- Location: Northern Province
- Coordinates: 09°12′07″N 80°36′31″E﻿ / ﻿9.20194°N 80.60861°E
- Type: Artificial lake
- River sources: Per Aru
- Catchment area: 66 sq mi (171 km^{2})
- Managing agency: Department of Irrigation, Northern Provincial Council
- Water volume: 41,000 acre⋅ft (50,572,755 m^{3})

= Muthuiyankaddu Kulam =

Muthuiyankaddu Kulam (முத்துஐயன்கட்டு குளம் Muttu'aiyaṉkaṭṭu Kuḷam) is an irrigation tank in northern Sri Lanka, approximately 4 mi north west of Oddusuddan.

==History==
The tank on Per Aru was earlier knowns as Muthu Rayan Kaddu Kulam and Man Malai. Restoration of the tank, which had a catchment area of 66 sqmi, commenced in 1959.

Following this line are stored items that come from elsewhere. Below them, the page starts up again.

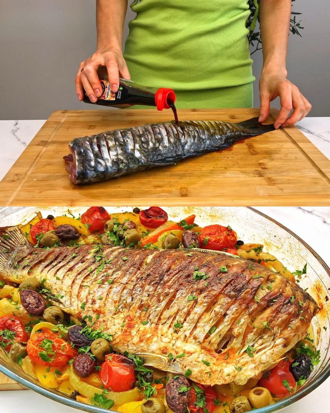 La vedette de ce plat est la carpe tendre et succulente, qui absorbe les riches saveurs de la marinade et se marie bien avec la douceur naturelle des légumes rôtis. Ce repas est non seulement délicieux, mais il est également sain, regorgeant de nutriments essentiels provenant du poisson et de la gamme colorée de légumes.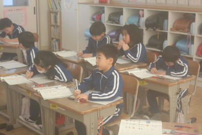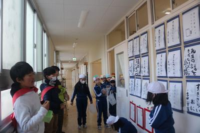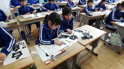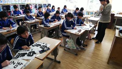4年生は書写で、書いた文字のチェックをしてから、小筆で手紙を書く学習へつなげる場面でした。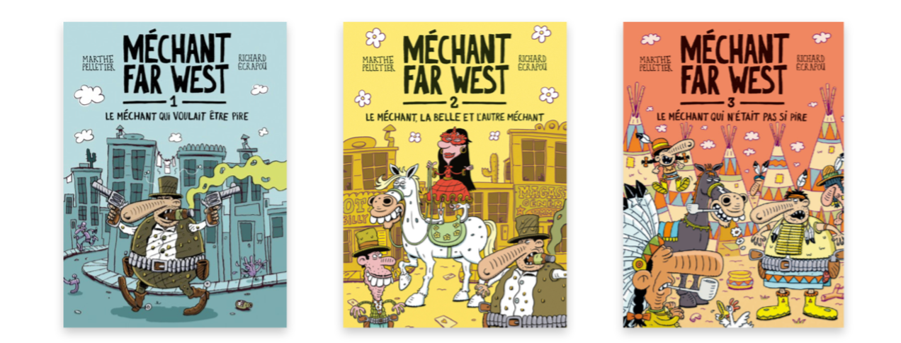 Marthe Pelletier再次为我们呈现了一个充满曲折的滑稽故事。插图带有Richard Écrapou生动而不可抗拒的幽默气息,完美地体现了这个疯狂西部的所有细微差别。这对组合使得《坏人、美女和另一个坏人》成为一部老少皆宜的小说!

By the late 1960s the tank's bund was 5850 ft long and 27 ft high whilst the tank's storage capacity was 41000 acre.ft and its water spread area was 3100 acre. There was a 500 ft spill on the right bank. The left and right bank sluices were each 3 ft 3 in by 4 ft 6 in. By 2014 the tank was capable of irrigating 6100 acre.